Bahsi gelmişken, diğer sıkıntılı soruyu, insan hatasını da unutmayalım. Michael Radelet, yüzyılın başından bu yana, "muhtemel bir ölüm cezasıyla karşı karşıya olan bir sanığın haksız yere mahkum edildiği" 343 davayı saydı. Bunlardan 137'si ölüm cezasına çarptırıldı ve 25'i fiilen idam edildi” (age). Kendi içlerinde Nariman ve Bhagwati, idam edilen Kehar Singh'in (İndira Gandhi cinayeti davası) aslında masum olabileceğine ikna edici bir şekilde işaret ettiler.

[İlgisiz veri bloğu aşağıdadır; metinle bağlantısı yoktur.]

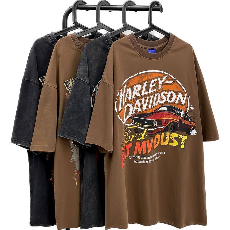 Хлопковая модная большая футболка с коротким рукавом подходит для мужчин и женщин в стиле хип-хоп, США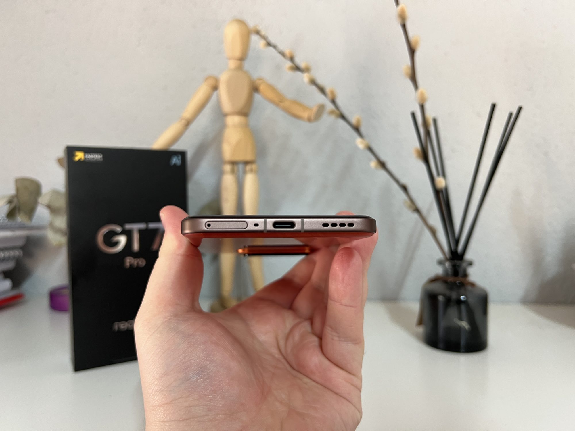 Deși realme nu reinventează roata în materie de design, GT 7 Pro reușește să arate foarte bine. Versiunea Mars Orange este cu adevărat spectaculoasă, având un aspect modern care îți rămâne în minte. Dimensiunile și proporțiile sunt perfecte, oferind un echilibru ideal între confort și utilizare practică. Nu este nici prea lat, nici prea lung – pur și simplu, un telefon care se simte bine în mână și care impresionează prin simplitate și stil.

Hindistan hükümeti, Afzal Guroo'nun ailesinin sunduğu merhamet dilekçesi üzerinde düşünürken, tüm bunları akıllarında tutsa iyi olur. Hepsinden önemlisi, daha önce de belirtildiği gibi aynı davada SARGeelani'nin suçlu ilan edildiğini ve ölüm cezasına çarptırıldığını, ancak daha sonra tüm suçlardan aklandığını hatırlamaları gerekir. Amerika'ya dönecek olursak: Yakın zamanda 9 Eylül saldırganlarından biri olan Zachariah Mossaveih'e, çocukluğunun kendisini tamamen sorumlu kılmayacak kadar istismar edildiği gerekçesiyle ölüm cezası verilmediğini hatırlamak gerekir. Delilik yok, dikkat edin, sadece çocukluk istismarı. Bu, aksi takdirde birinci dereceden suçlu bulunduğu zamandı.
“Kolektif vicdan”a gelince, bu, Hindistan'ın farklı bölgelerinde ve nüfusun farklı kesimleri arasında tehlikeli ve farklı amaçlar doğrultusunda işleyebilir. Eğer siyaset söz konusu olacaksa, mutlaka konuya en geniş ve en verimli bakış açısının getirilmesi gerekir. Böyle bir gidişat, ileri görüşlü yöneticilerin tarihte defalarca yaptıklarıyla uyumsuz olmayacaktır.
E-posta: [e-posta korumalı]
ZNetwork yalnızca okuyucularının cömertliğiyle finanse edilmektedir.